TASK
Exact copy, no pictures: restate each entry below word for word.

Start of DATA FOR ANALYSIS

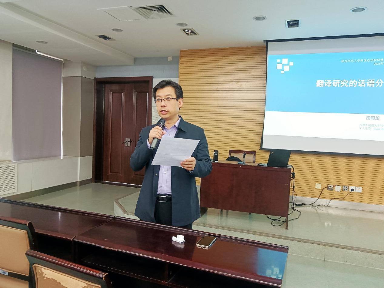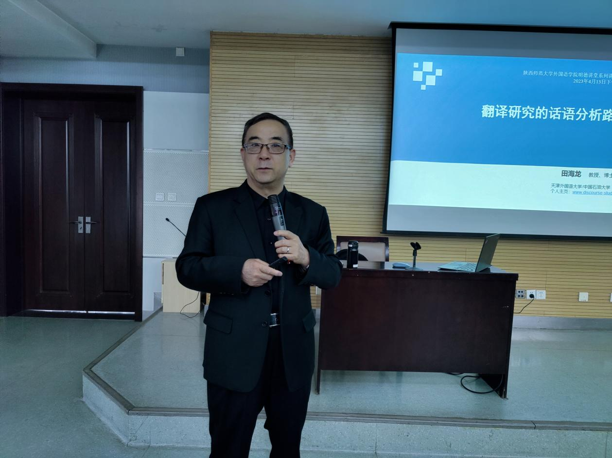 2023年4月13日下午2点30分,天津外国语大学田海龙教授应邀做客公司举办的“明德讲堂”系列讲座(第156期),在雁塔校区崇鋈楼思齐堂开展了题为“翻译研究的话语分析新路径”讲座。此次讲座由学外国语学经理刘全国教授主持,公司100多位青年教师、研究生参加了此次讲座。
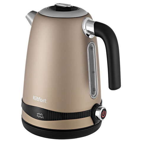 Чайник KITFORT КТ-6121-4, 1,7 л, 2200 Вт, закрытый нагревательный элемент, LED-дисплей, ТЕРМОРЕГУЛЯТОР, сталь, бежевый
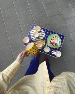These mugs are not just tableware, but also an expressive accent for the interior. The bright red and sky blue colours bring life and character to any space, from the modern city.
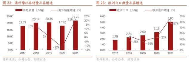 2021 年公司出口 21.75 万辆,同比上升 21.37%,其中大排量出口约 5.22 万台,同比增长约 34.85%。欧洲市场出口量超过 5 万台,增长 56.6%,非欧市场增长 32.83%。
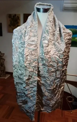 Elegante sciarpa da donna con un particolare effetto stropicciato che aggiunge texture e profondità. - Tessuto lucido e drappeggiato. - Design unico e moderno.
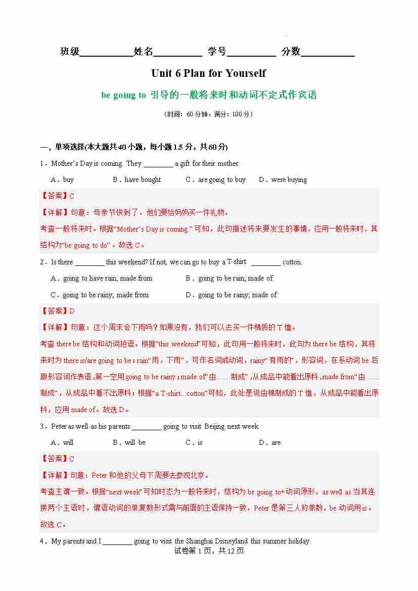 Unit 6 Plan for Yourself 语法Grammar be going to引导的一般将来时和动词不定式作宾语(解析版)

End of DATA FOR ANALYSIS

RESPONSE TO THIS EXERCISE
 2023年4月13日下午2点30分,天津外国语大学田海龙教授应邀做客公司举办的“明德讲堂”系列讲座(第156期),在雁塔校区崇鋈楼思齐堂开展了题为“翻译研究的话语分析新路径”讲座。此次讲座由学外国语学经理刘全国教授主持,公司100多位青年教师、研究生参加了此次讲座。
 Чайник KITFORT КТ-6121-4, 1,7 л, 2200 Вт, закрытый нагревательный элемент, LED-дисплей, ТЕРМОРЕГУЛЯТОР, сталь, бежевый
These mugs are not just tableware, but also an expressive accent for the interior. The bright red and sky blue colours bring life and character to any space, from the modern city.
 2021 年公司出口 21.75 万辆,同比上升 21.37%,其中大排量出口约 5.22 万台,同比增长约 34.85%。欧洲市场出口量超过 5 万台,增长 56.6%,非欧市场增长 32.83%。
 Elegante sciarpa da donna con un particolare effetto stropicciato che aggiunge texture e profondità. - Tessuto lucido e drappeggiato. - Design unico e moderno.
 Unit 6 Plan for Yourself 语法Grammar be going to引导的一般将来时和动词不定式作宾语(解析版)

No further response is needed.